From Jana: "Had to comment on the letter in this week's issue regarding Jamie Lee Curtis on NCIS. I have nothing against the actress — she is very talented and versatile. However, I have to disagree about her being on the show. The character that they have created for her is extremely annoying, interferes with Gibbs and disrupts the team chemistry. My vote? Keep her away at all costs."
Matt again: Does this sound like a show that generates zero buzz? And for the record: I do think it's still possible we'll see Tony and Ziva get together, but not anytime soon. Sean Murray's weight loss, and now his voice, appears to be a matter of concern on many fan sites, but the show continues to insist all is well with him. And bringing on Jamie Lee Curtis as a new foil for Gibbs was bound to be polarizing. If there hadn't been debate about her, then maybe I'd be giving a different answer here.

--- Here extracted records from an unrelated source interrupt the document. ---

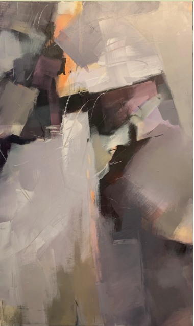 Muted purples, warm greys and mysterious darks draw the eye to the center which is highlighted with a splash of orange. Creates a vibrant and dynamic image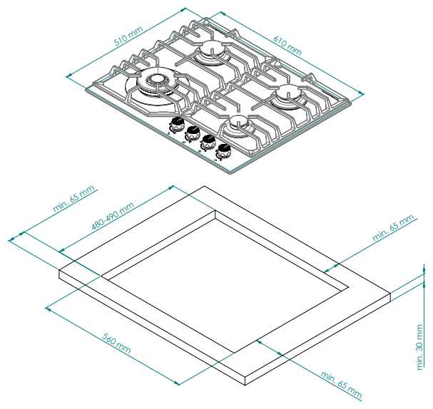 - Расстояние 32 см между центрами конфорок позволяет одновременно использовать 4 кастрюли диаметром 24–26 см.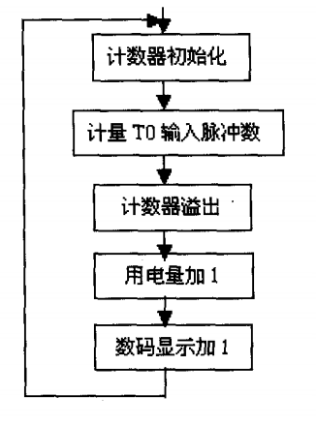 電能計量子程序流程圖如圖5所示。電能計量采用遞加的方式,單片機的P3.4(T0)端輸入用電計量脈沖,計滿3200個脈沖為一度電,用電量加1,數(shù)碼顯示加1。用電量存儲在EEPROM中,每增1度電則電量重新存儲一次,管理微機定時從各個電表的EEPROM中采集用電數(shù)據(jù)。
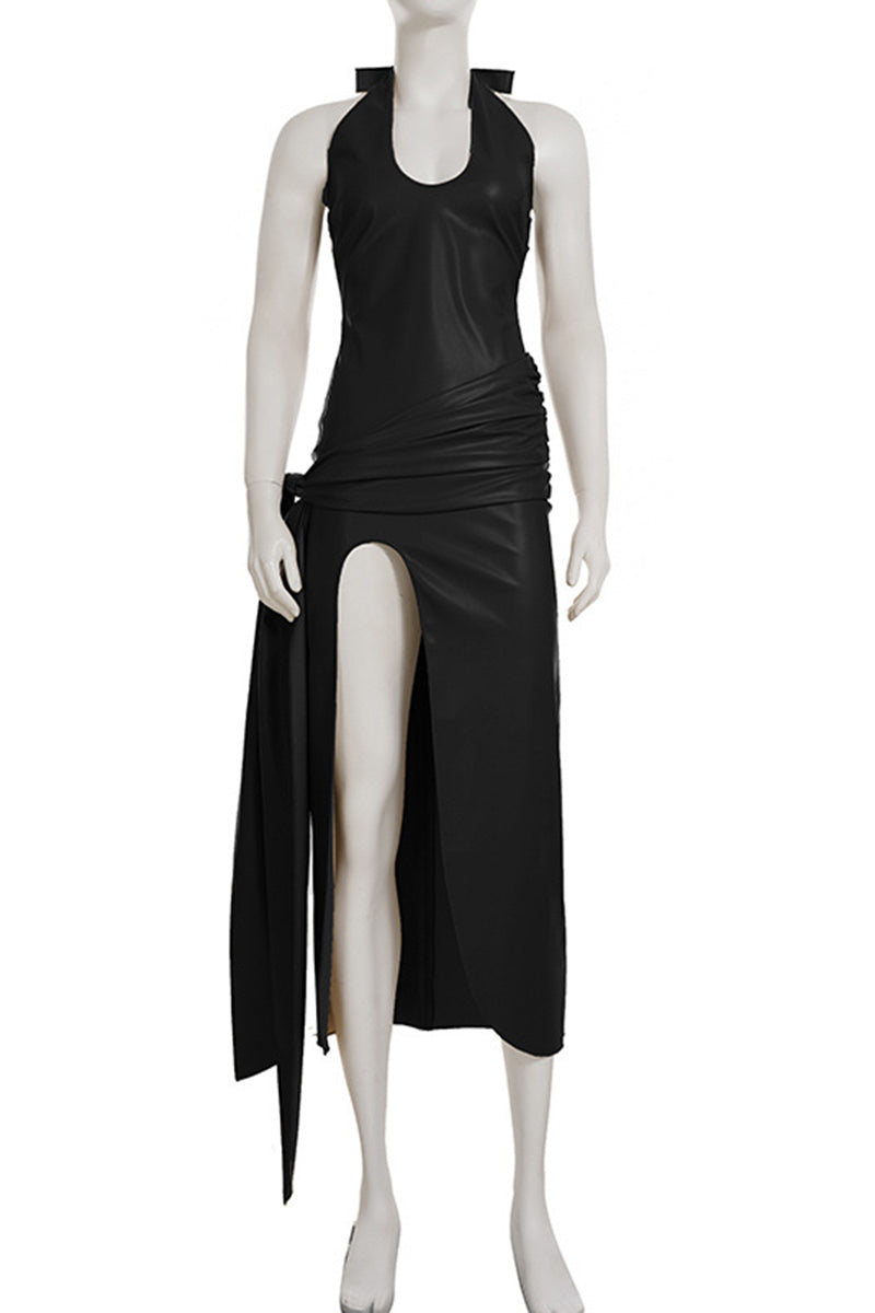 Your new go-to dress features a chic halter-neck and elegant draped design. Effortlessly enhances your style for any casual occasion.

Question: I don't get why the major networks insist on premiering new shows so late in the TV season. The ratings seem to indicate that shows get more eyeballs viewing them in September/October and January. And this season it seemed that the majority of the critical darlings didn't even premiere until January or later. It's like they are still thinking of the days when everybody was glued to the TV to catch the newest shows. They have to see that if all the hype around a show is in August/September then it doesn't make sense to air its first episode four to six months later. Also using what used to be hit shows to help open the new ones don't work when the lead-in is on its last legs, i.e. Desperate Housewives and House. They seem to be very slow to making adjustments while more and more of us are looking to cable.
On another note, NBC is so far gone that I think only The Voice would be considered a hit by any other network's standards. Do you think it's too late for them to come back? — Joe W
Matt Roush: The answer to both questions: It's never too late — either to launch a show or to turn a network around (although NBC obviously has a long ways to go). But these days, neither is an easy proposition, and in each case, the bigger the swings the better. While spring, as you note, may well be a tough time to launch a new network series, everyone's trying to be in the year-round programming business, and there's hardly a week when someone isn't premiering something somewhere. There seems to be a double standard here in giving cable networks the benefit of the doubt, when they're also premiering shows throughout the calendar year (including right now), some of them breaking up seasons in ways that confuse the average viewer. Besides, there are examples of network shows that have successfully premiered this time of year (Grey's Anatomy one of the most famous, albeit quite a while ago). The strategy with many of these midseason premieres, whether in winter or spring, is to move some of the riskier, bolder projects away from the glut of fall premieres when they would more easily get lost and give them more promotion and attention than they could possibly get in the fall. There's no guarantee this will work, of course, and quite often it doesn't, but I'm not about to slam them for trying.